Regulatory principle 4 also states that risk-reduction claims should be permitted if the product can reasonably be expected to reduce the risk of one or more specific diseases or other adverse health effects, as compared with whatever benchmark product the agency requires to be stated in the labeling. Key to this principle is that independent scientific experts review the evidence on which the claim is based for evidence that there would likely be a real reduction in morbidity and mortality.

Regulatory principle 5 states that labeling, advertising, and promotion of tobacco-related products with exposure or risk claims must be carefully regulated under a "not false or misleading" standard with the burden of proof on the manufacturer, not the government. In addition, the regulatory agency should have the authority and resources to conduct its own surveys of consumer perceptions relating to these claims. The report reviews data showing that consumers often misunderstood the claims relating to low-tar and -nicotine products of the past and that their smoking behaviors reflect that misunderstanding.

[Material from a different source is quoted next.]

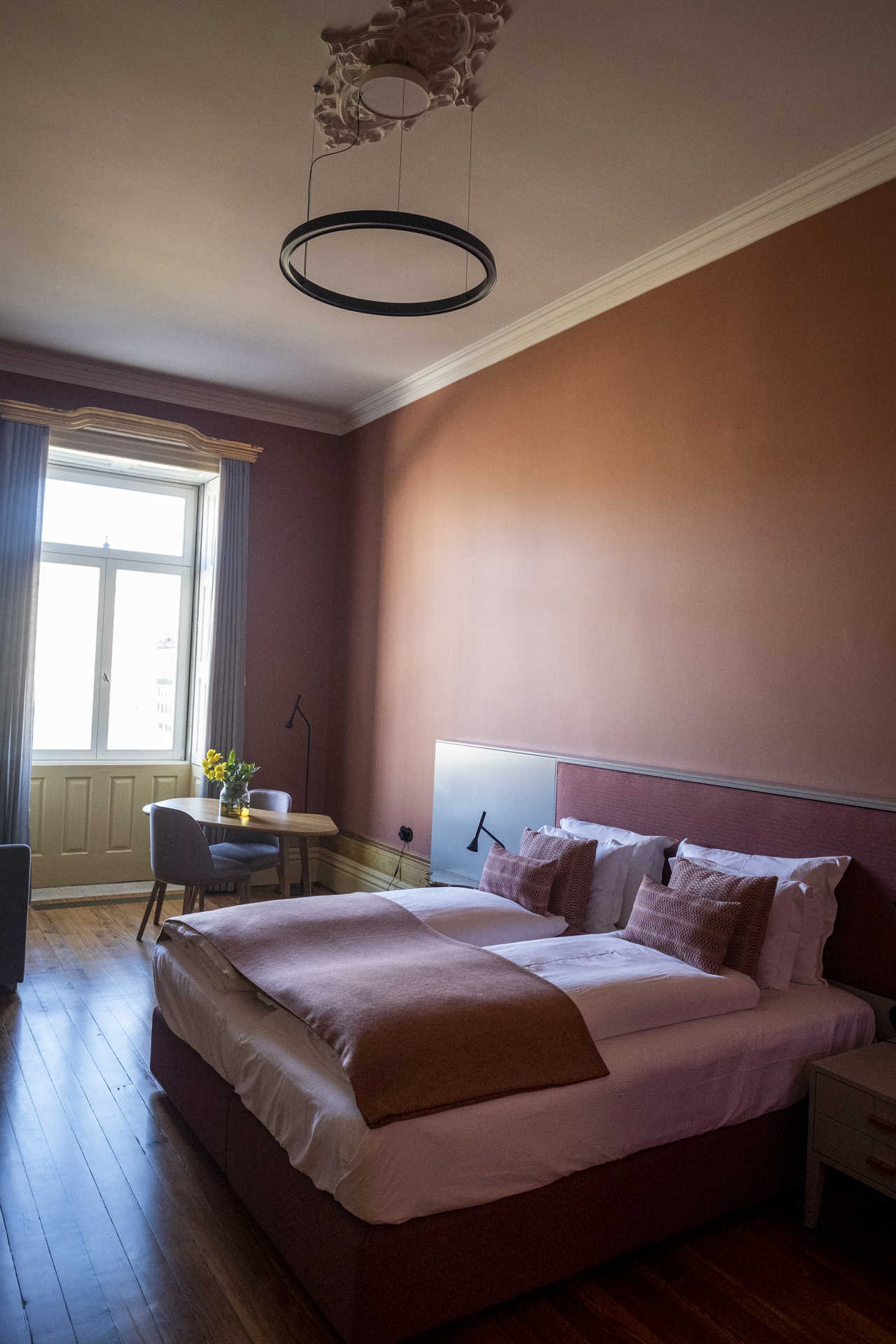 O que Luísa Moura e a mãe, Luísa Penha, também arquiteta do Duas Portas, procuraram para todo o espaço foi “o equilíbrio entre o contemporâneo universal e a especificidade do Porto”. Daí que à brancura quase imaculada dos tetos, das paredes e da roupa de cama, se juntem elementos em dourado e em verde seco, uma cor “muito típica” da cidade, tal como o mosaico hidráulico e o soalho de riga.

Regulatory principle 6 states that the regulatory agency should be empowered to require manufacturers of produces marketed with reduced-risk claims to conduct post-marketing surveillance and epidemiological studies as necessary to determine the short-term behavioral and long-term health consequences of using their products and to permit continuing review of the accuracy of the claims.

In summary, the committee believes that regulation and a strong public health surveillance system are necessary to reduce the possibility that these products could increase harm to both individual and public health above and beyond that already wreaked by conventional tobacco products. Let me emphasize that a system that allows exposure and risk reduction claims MUST be built on independent, verifiable, and scientific analysis. In addition, the public health surveillance system must be designed to provide timely information as to the impact of the marketing and availability of PREPs on many aspects of public understanding about, and behavior with regards to, these products.

Thank you for the opportunity to comment on this very important topic. I would be happy to answer questions you might have in the future.